Note the use of the Python triple-quoted string for the contents
of the ``SConstruct`` file (and see the next section for an
alternative approach).
``test.write('hello.c', ...)``
This line creates an ``hello.c`` file in the temporary directory.
Note that we have to escape the newline in the
``"Hello, world!\\n"`` string so that it ends up as a single
backslash in the ``hello.c`` file on disk.
``test.run()``
This actually runs SCons. Like the object initialization, things
happen under the covers:
* The exit status is verified; the test exits with a failure if
the exit status is not zero.
* The error output is examined, and the test exits with a failure
if there is any.
``test.run(program='./hello', stdout="Hello, world!\n")``
This shows use of the ``TestSCons.run()`` method to execute a program
other than ``scons``, in this case the ``hello`` program we just
built. The ``stdout=`` keyword argument also tells the
``TestSCons.run()`` method to fail if the program output does not
match the expected string ``"Hello, world!\n"``. Like the previous
``test.run()`` line, it will also fail the test if the exit status is
non-zero, or there is any error output.
``test.pass_test()``
This is always the last line in a test script. If we get to
this line, it means we haven't bailed out on a failure or skip,
so the result was good. It prints ``PASSED``
on the screen and makes sure we exit with a ``0`` status to indicate
the test passed. As a side effect of destroying the ``test`` object,
the created temporary directory will be removed.
Working with Fixtures
=====================
In the simple example above, the files to set up the test are created
on the fly by the test program. We give a filename to the ``TestSCons.write()``
method, and a string holding its contents, and it gets written to the test
directory right before starting..
This simple technique can be seen throughout most of the end-to-end
tests as it was the original technique provided to test developers,
but it is no longer the preferred way to write a new test.

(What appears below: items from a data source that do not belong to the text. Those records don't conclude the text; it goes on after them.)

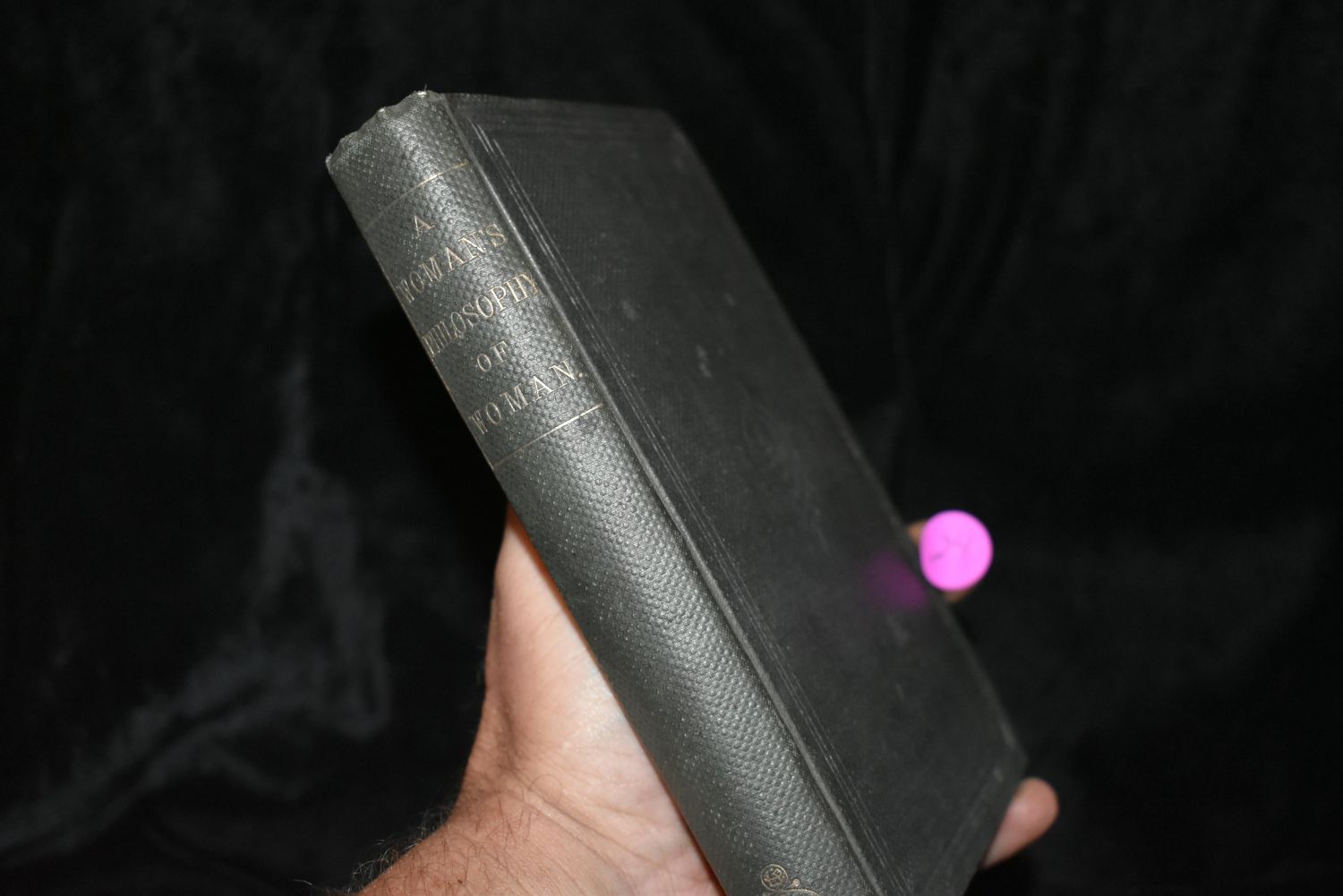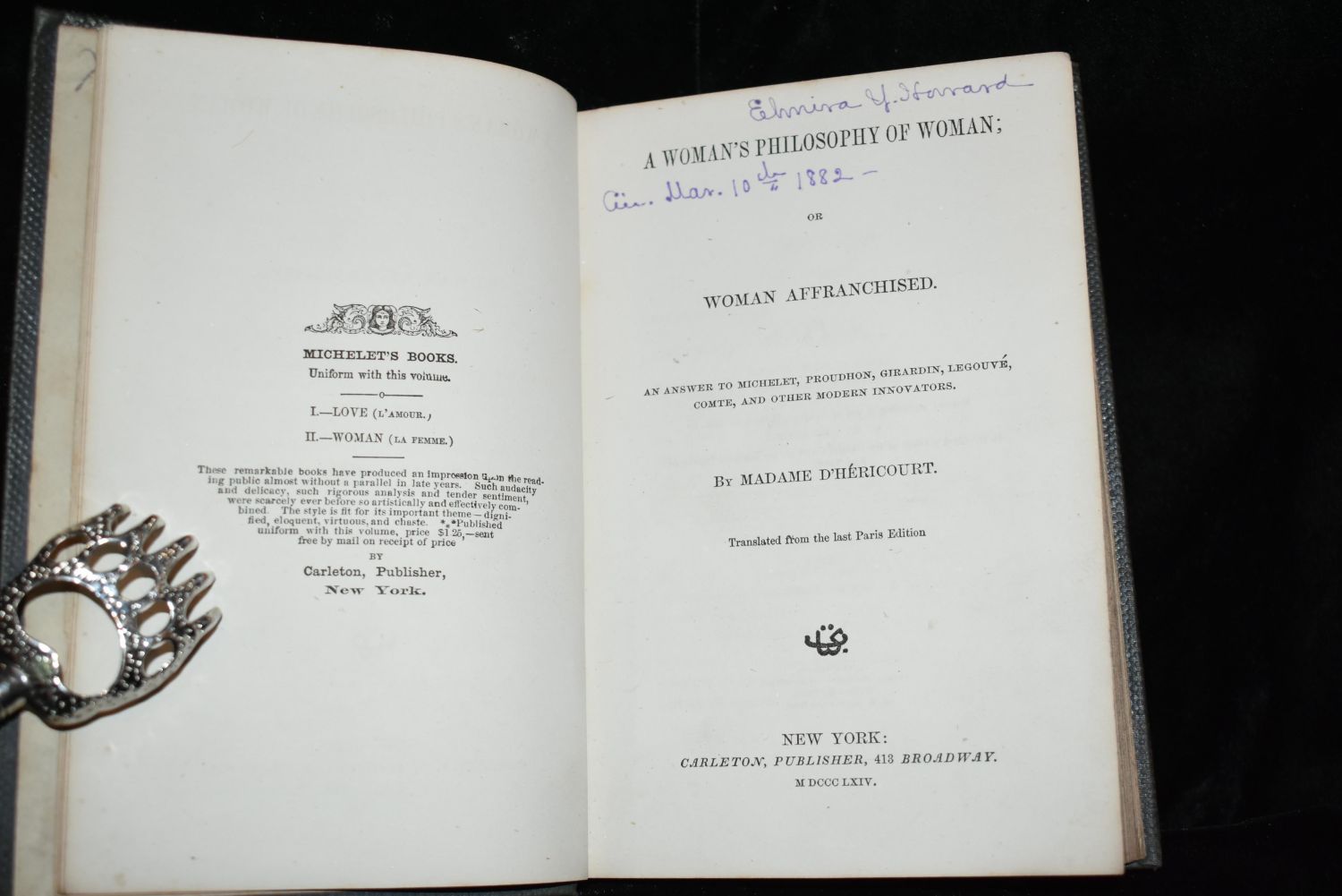 A WOMAN’s PHILOSOPHY OF WOMAN; or WOMAN AFFRANCHISED by Madame Dhericourt. Published by Carleton 1864. 1st Edition. Publishers Hardback Victorian Era Embossed Black CLoth with Gold Gilt. Very Good Condition with minor foxing to a few pages. 317 pages 7 1/2" by 5"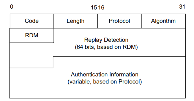 Authentication option의 목적은 DHCP 메시지가 검증된 소스로부터 온 것인지를 확인하는 데 있다.Code는 90으로 설정되며 Length 필드는 옵션의 바이트 수를 나타낸다. Protocol 및 Algorithm 필드의 값이 0일 경우 Authentication Info. 필드는 단순한 shared configuration token을 포함한다. 클라이언트와 서버에서 이 token이 일치하면 메시지가 수락된다. (비밀번호) 그러나 이러한 트래픽은 공격자에 의해 탈취당하기 쉬워 안전하지 않다. (실수로 발생하는 DHCP 문제는 방지 가능.)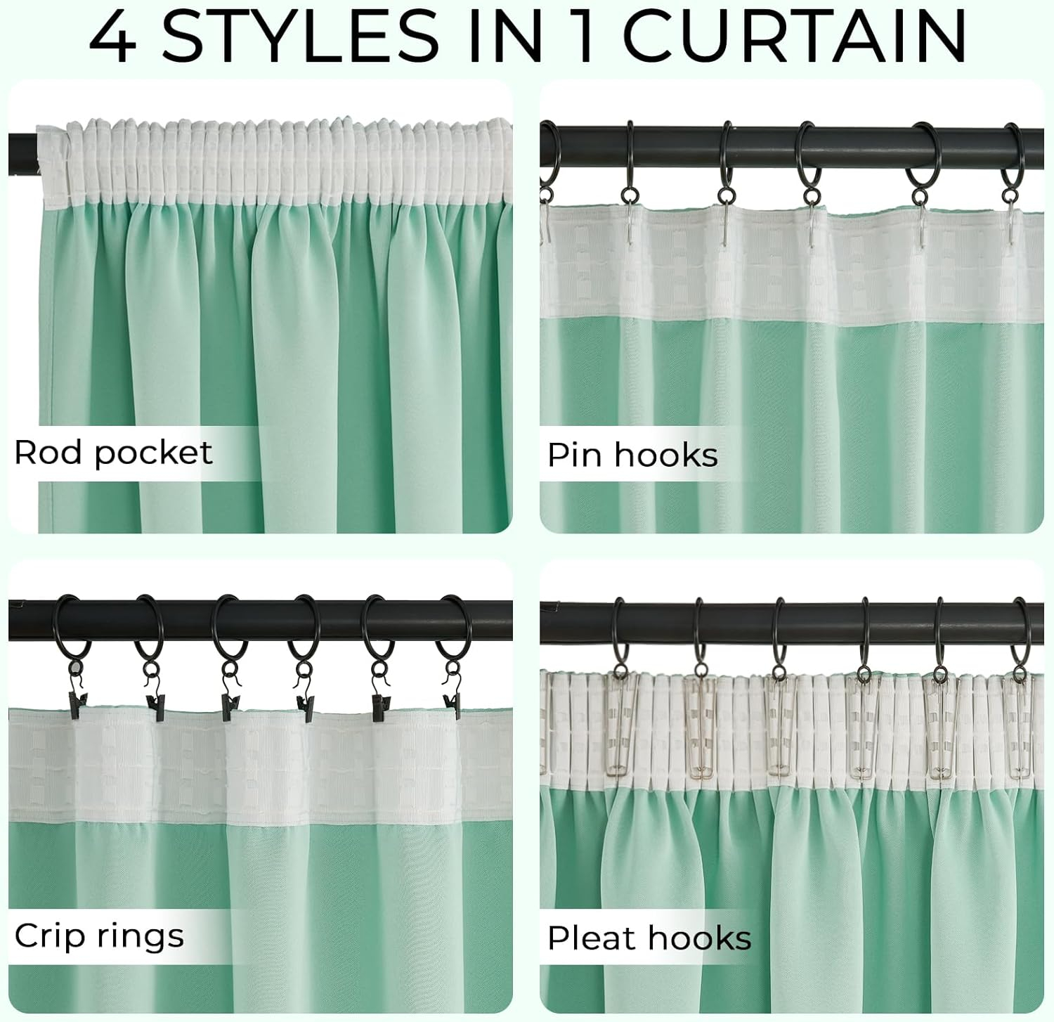 METODELE MAI MULTE ATÂRNATE: Această perdea suportă trei metode de agățare, care sunt panglia ciufulită, inelul agățat și buzunarul tibiului. Puteți alege cea mai potrivită metodă de instalare în funcție de stilul tijei perdelei și de stilul de decorare a casei, pentru a satisface diferitele nevoi decorative și cerințele personalizate

To develop this way, you first need to create the necessary files and
get them to work, then convert them to an embedded string form, which may
involve lots of extra escaping. These embedded files are then tricky
to maintain. As a test grows multiple steps, it becomes less easy to
read, since many if the embedded strings aren't quite the final files,
and the volume of test code obscures the flow of the testing steps.
Additionally, as SCons moves more to the use of automated code checkers
and formatters to detect problems and keep a standard coding style for
better readability, note that such tools don't look inside strings
for code, so the effect is lost on them.
In testing parlance, a fixture is a repeatable test setup. The SCons
test harness allows the use of saved files or directories to be used
in that sense: "the fixture for this test is foo", instead of writing
a whole bunch of strings to create files. Since these setups can be
reusable across multiple tests, the *fixture* terminology applies well.
Note: fixtures must not be treated by SCons as runnable tests. To exclude
them, see instructions in the above section named "Finding Tests".
Directory Fixtures
##################
The test harness method ``dir_fixture(srcdir, [dstdir])``
copies the contents of the specified directory ``srcdir`` from
the directory of the called test script to the current temporary test
directory. The ``srcdir`` name may be a list, in which case the elements
are concatenated into a path first. The ``dstdir``
is assumed to be under the temporary working directory, it gets created
automatically, if it does not already exist.
If ``srcdir`` represents an absolute path, it is used as-is.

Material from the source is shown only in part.